I am going (1) to loop a regression over a certain criterion many times; and (2) to store a certain coefficient from each regression. Here is an example:
clear
sysuse auto.dta
local x = 2000
while `x' < 5000 {
xi: regress price mpg length gear_ratio i.foreign if weight < `x'
est sto model_`x'
local x = `x' + 100
}
est dir
I just care about one predictor, say mpg
here. I want to extract coefficients of mpg
from each result into one independent file (any file is OK, .dta
would be great) to see if there is a trend as the threshold for weight
increases. What I am doing now is to useestout
to export the results, something like:
esttab * using test.rtf, replace se stats(r2_a N, labels(R-squared)) starl(* 0.10 ** 0.05 *** 0.01) nogap onecell title(regression tables)
estout
will export everything and I need to edit the results. This works well for regressions with few predictors, but my real dataset has more than 30 variables and the regression will loop at least 100 times (I have a variable Distance
with range from 0 to 30,000: it has the role of weight
in the example). Therefore, it is really difficult for me to edit the results without making mistakes.
Is there any other efficient way to solve my problem? Since my case is not looping over a group variable, but over a certain criterion. the statsby
function seems not working well here.
As @Todd has already suggested, you can just choose the particular results you care about and use postfile
to store them as new variables in a new dataset. Note that a forval
loop is more direct than your while
code, while using xi:
is superseded by factor variable notation in recent versions of Stata. (I have not changed that just in case you are using some older version.) Note evaluation of saved results such as _b[_cons]
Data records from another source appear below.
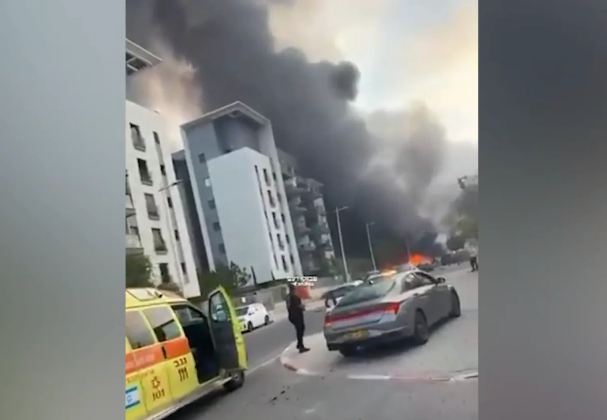 Ведомство распространило кадры, сделанные очевидцами, на которых виден мощный взрыв и столб дыма возле высотного здания. Позже иранская сторона уточнила, что целью атаки стало здание МВД Израиля, что стало ответом на аналогичный удар по Тегерану. Также КСИР утверждает, что после предупреждения была поражена штаб-квартира 14-го телеканала.
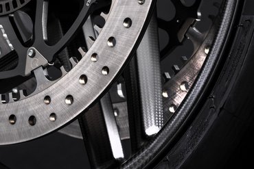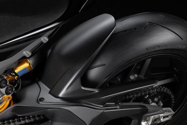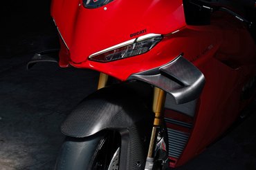 Die Panigale V4 Carbon ist mit Fünfspeichen-Felgen aus Carbon ausgestattet, die das Gewicht im Vergleich zu den geschmiedeten Felgen um 0,95 kg reduzieren und das Trägheitsmoment vorne um 12% und hinten um 19% senken. Dank dieser Felgen erhöht sich die Agilität des Motorrads bei Richtungswechseln. Zudem fällt es leichter, die Linie beim Beschleunigen in Schräglage eng zu halten. Ein weiteres Plus dieser neuen Felgen ist die Zulassung auch für den Soziusbetrieb in Verbindung mit dem als Zubehör erhältlichen Biposto Kit. Aber nicht nur die Felgen der Panigale V4 Carbon bestehen aus leichtem und hochfestem Carbon, sondern auch der vordere und hintere Kotflügel und die Winglets sind aus dem „schwarzen Gold“ gefertigt.
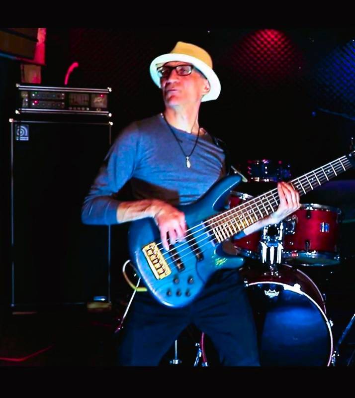Nabs D performs solo on stage playing 6 string bass with his original backing tracks mixed and mastered at his studio.

on the fly and the use of parentheses ()
to stop negative signs being evaluated. Some code examples elsewhere store results temporarily in local macros or scalars, which is quite unnecessary.
sysuse auto.dta, clear
tempname myresults
postfile `myresults' threshold intercept gradient se using myresults.dta
quietly forval x = 2000(200)4800 {
xi: regress price mpg length gear_ratio i.foreign if weight < `x'
post `myresults' (`x') (`=_b[_cons]') (`=_b[mpg]') (`=_se[mpg]')
}
postclose `myresults'
use myresults
list
+---------------------------------------------+
| thresh~d intercept gradient se |
|---------------------------------------------|
1. | 2000 -3699.55 -296.8218 215.0348 |
2. | 2200 -4175.722 -53.19774 54.51251 |
3. | 2400 -3918.388 -58.83933 42.19707 |
4. | 2600 -6143.622 -58.20153 38.28178 |
5. | 2800 -11159.67 -49.21381 44.82019 |
|---------------------------------------------|
6. | 3000 -6636.524 -51.28141 52.96473 |
7. | 3200 -7410.392 -58.14692 60.55182 |
8. | 3400 -2193.125 -57.89508 52.78178 |
9. | 3600 -1824.281 -103.4387 56.49762 |
10. | 3800 -1192.767 -110.9302 51.6335 |
|---------------------------------------------|
11. | 4000 5649.41 -173.9975 74.51212 |
12. | 4200 5784.363 -147.4454 71.89362 |
13. | 4400 6494.47 -93.81158 80.81586 |
14. | 4600 6494.47 -93.81158 80.81586 |
15. | 4800 5373.041 -95.25342 82.60246 |
+---------------------------------------------+
statsby
(a command, not a function) is just not designed for this problem at all, so it is not a question of whether it works well.